Crew One’s objections include a claim that the union is essentially a competitor trying to put it out of business by offering staffing service. Gluckman says that’s not true because, while the IATSE local would provide recruits via a hiring-hall method, it would not employ or pay them.
"We take 5 percent of gross wages," Gluckman says about the union fees. "If you make $20 per hour, you voluntarily return a dollar to the union in return for the operation of the union's hiring hall." In addition, union contracts include benefits and withholding of taxes.
Live Nation could agree to only hire only the newly unionized labor, Gluckman says, but it has taken a “hands-off approach.” Live Nation claims that decision lies with its Atlanta branch office. That office “has refused to talk to us,” Gluckman says. Peter Conlon of Live Nation declined to comment on the record.

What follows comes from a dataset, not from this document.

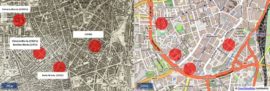 James Allen & Co remained at Arundel Street until after the War. In the early 1920s, the firm moved to Nella Works, Forge Lane (Hereford Street) with Harry James Allen as the sole owner. Nella Works (‘Allen’ reversed) was a finisher of cutlery, rather than a manufacturer, and made extensive use of outworkers. These numbered between thirty and forty in the early 1920s. Their tasks included buffing cutlery (such as electro-plate fish eaters) and spoon and fork filing. The cheaper varieties of stainless table knives were marketed, usually with xylonite handles, and marked ‘RUST-PROOF CUTLERY’ and ‘FIRTH STAINLESS’. Harry James Lansdowne Allen, of Nether Edge Road, died on 20 August 1933 at South Yorkshire Mental Hospital. He was aged 60 and left £261. He was buried at Abbey Lane Cemetery.

Thus, the concert protests that will begin at Philips on Thursday and continue at such upcoming shows as Billy Joel’s Feb. 25 date. IATSE will rabble-rouse online, too.
Gluckman says he's "fairly confident" the workers will be able to make an agreement to boost wages with Live Nation.
Until then, he says, the IATSE will be “very visible in getting our message out to the general public.”
NOTE: This post has been altered to clarify Gluckman's comment about making an agreement with Live Nation.